3. Omschrijving geschil en standpunten van partijen
3.1. Het geschil betreft de hoogte van de aanslag, niet alleen wat betreft de enkelvoudige belasting, maar ook wat betreft de boete.
3.2. De Inspecteur stelt, en appellante ontkent, dat de gemachtigde van appellante tijdens een op 18 januari 2000 ter inspectie gehouden bespreking te kennen heeft gegeven dat het in 1998 overgelegde overzicht met verlies- en winstcijfers de juiste gegevens bevatte en dat de daarin vermelde winst correct was. De Inspecteur beroept zich daarbij op een verklaring van 25 september 2000 van [..] voormalig belastingambtenaar.

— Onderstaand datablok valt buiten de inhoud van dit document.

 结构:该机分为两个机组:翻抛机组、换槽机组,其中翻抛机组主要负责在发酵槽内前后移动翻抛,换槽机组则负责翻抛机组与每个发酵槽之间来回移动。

3.3. Tromp verklaart dat de gemachtigde op 18 januari 2000 heeft verklaard:
dat hij akkoord gaat dat de in 1998 overgelegde cijfers als grondslag worden gebruikt voor de vaststelling van de aanslagen winstbelasting over de desbetreffende jaren.
Appellante ontkent de juistheid van die verklaring.

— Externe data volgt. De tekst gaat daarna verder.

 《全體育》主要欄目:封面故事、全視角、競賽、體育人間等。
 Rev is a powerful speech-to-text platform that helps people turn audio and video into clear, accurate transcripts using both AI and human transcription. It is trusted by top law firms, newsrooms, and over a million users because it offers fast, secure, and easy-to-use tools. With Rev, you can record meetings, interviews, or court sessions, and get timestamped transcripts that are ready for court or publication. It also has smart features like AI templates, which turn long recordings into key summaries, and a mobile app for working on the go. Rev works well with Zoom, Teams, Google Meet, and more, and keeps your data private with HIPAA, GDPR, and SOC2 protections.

4. Overwegingen omtrent het geschil
4.1. De Raad begrijpt de onder 3.2 hiervoor verwoorde stelling van de Inspecteur aldus dat, nadat op het bezwaarschrift was beslist, partijen het erover eens zijn geworden dat de winst tot het juiste bedrag in de aanslag was betrokken. Die, door appellante met klem weersproken stelling acht de Raad niet aannemelijk gemaakt.
4.2. Veronderstellenderwijs ervan uitgaande dat de onder 3.3 hiervoor geciteerde verklaring van de belastingambtenaar [..] juist is - de Raad laat dat in het midden - dan kan daarin niet meer worden gelezen dan wat er staat: de overgelegde cijfers mogen als grondslag worden gebruikt voor de vaststelling van de aanslagen winstbelasting over de desbetreffende jaren. Het enkele feit dat die cijfers als grondslag voor de winstberekening mogen worden gebruikt, betekent echter nog niet dat op die cijfers geen correcties mogen worden aangebracht, zo daartoe reden is.
4.3. Met het in 1998 overgelegde cijferoverzicht is dus niet het laatste woord gesproken. De Inspecteur ziet dat klaarblijkelijk ook zo, want anders had hij ermee moeten volstaan telkens het bezwaar ongegrond te verklaren en was er voor het opleggen van navorderingsaanslagen over de jaren 1992, 1993 en 1995 geen enkele reden. Evenmin had hij dan in bezwaar moeten uitgaan van het toen door appellante gestelde verlies.
4.4. In beginsel rust op de Inspecteur de last de juistheid van de aanslag aannemelijk te maken. Aangezien appellante haar aangifteplicht had verzaakt, was de Inspecteur genoodzaakt om bij de aanslagregeling - binnen de grenzen der redelijkheid - af te gaan op zijn eigen gegevens; aldus is geschied. Daarna was appellante - in bezwaar - aan zet in die zin dat zij aannemelijk moest maken dat de aanslag tot een te hoog bedrag was opgelegd. Daartoe produceerde zij - alsnog - haar jaarstukken.
4.5. De Inspecteur heeft de jaarstukken in zoverre gevolgd dat hij ermee heeft volstaan op de daarin vermelde brutowinst een correctie aan te brengen berekend naar een door hem verondersteld hoger brutowinstpercentage. Appellante heeft die correctie bestreden. De Inspecteur heeft zich voor het bewijs van de juistheid ervan beroepen op het voor de jaren 1989 tot en met 1991 overeengekomen compromis over het brutowinstpercentage. Gesteld noch gebleken is dat de boekhouding van appellante in het onderhavige jaar zodanige gebreken vertoont dat deze niet kan dienen als een basis voor de winstberekening. Alsdan is er geen grond voor een (forfaitaire) correctie van de volgens de boekhouding behaalde winst. Derhalve kan de Raad tot geen ander oordeel komen dan dat het gelijk aan de zijde van appellante is.
4.6. Mitsdien moet de aanslag worden vernietigd.
4.7. Nu geen belasting is verschuldigd, kan van een boete wegens het niet doen van aangifte geen sprake zijn.
5. Beslissing
De Raad vernietigt de beschikking op bezwaar, alsmede de aanslag.